Menstrual blood may be a waste product, but it’s also potentially the key to better diagnoses and new treatments for conditions that affect a major portion of the globe’s population.
References
- Yang, H. et al. Proteomic Analysis of Menstrual Blood. MCP 11, 1024-35 (2012).
- van der Molen, R.G. et al. Menstrual blood closely resembles the uterine immune micro-environment and is clearly distinct from peripheral blood. Hum Rep 29, 303-314 (2014).
- Naseri, S., Lerma, K., & Blumenthal, P.D. Comparative Assessment of Serum versus Menstrual Blood for Diagnostic Purposes: A Pilot Study. J Clin Lab Med 4, 1-4 (2019).
- Naseri, S., Brewster, R.C.L., Blumenthal, P.D. Novel use of menstrual blood for monitoring glycaemic control in patients with diabetes: a proof-of-concept study. BMJ Sexual & Reproductive Health 48, 123-127 (2022).

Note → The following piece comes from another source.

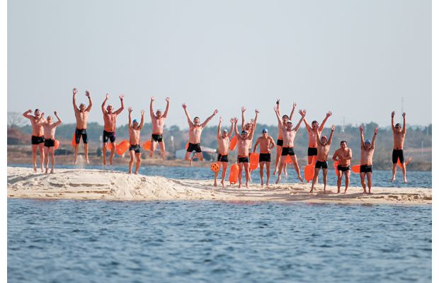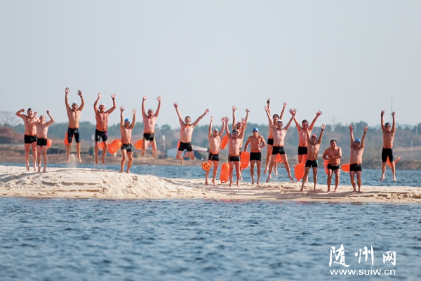 随州网讯 元旦前夕,随州市新成立的冬泳协会集结20余名“泳士”,横渡马鞍山水库,用这种特殊的方式迎接新年。 (本报记者 李文军 摄)

- Miller, J.E. et al. TH17 axis and endometrial macrophage disruption in menstrual effluent provides potential insights into the pathogenesis of endometriosis. F&S Science (2022).
- Shih, A.J. et al. Single cell analysis of menstrual endometrial tissues defines phenotypes associated with endometriosis. Preprint: https://www.medrxiv.org/content/10.1101/2022.02.10.22270810v2
- Hosseini, S. et al. Comparative analysis of NK cell subsets in menstrual and peripheral blood of patients with unexplained recurrent spontaneous abortion and fertile subjects. J Reprod Immunol 103, 9-17 (2014).
- Benner, M. et al. A combination of immune cell types identified through ensemble machine learning strategy detects altered profile in recurrent pregnancy loss: a pilot study. F&S Science 3, 166-173 (2022).
- Naseri, S. et al. Screening for High Risk Human Papillomavirus Using Passively Self-Collected Menstrual Blood [A91]. Obstetrics & Gynecology 139, 27S (2022).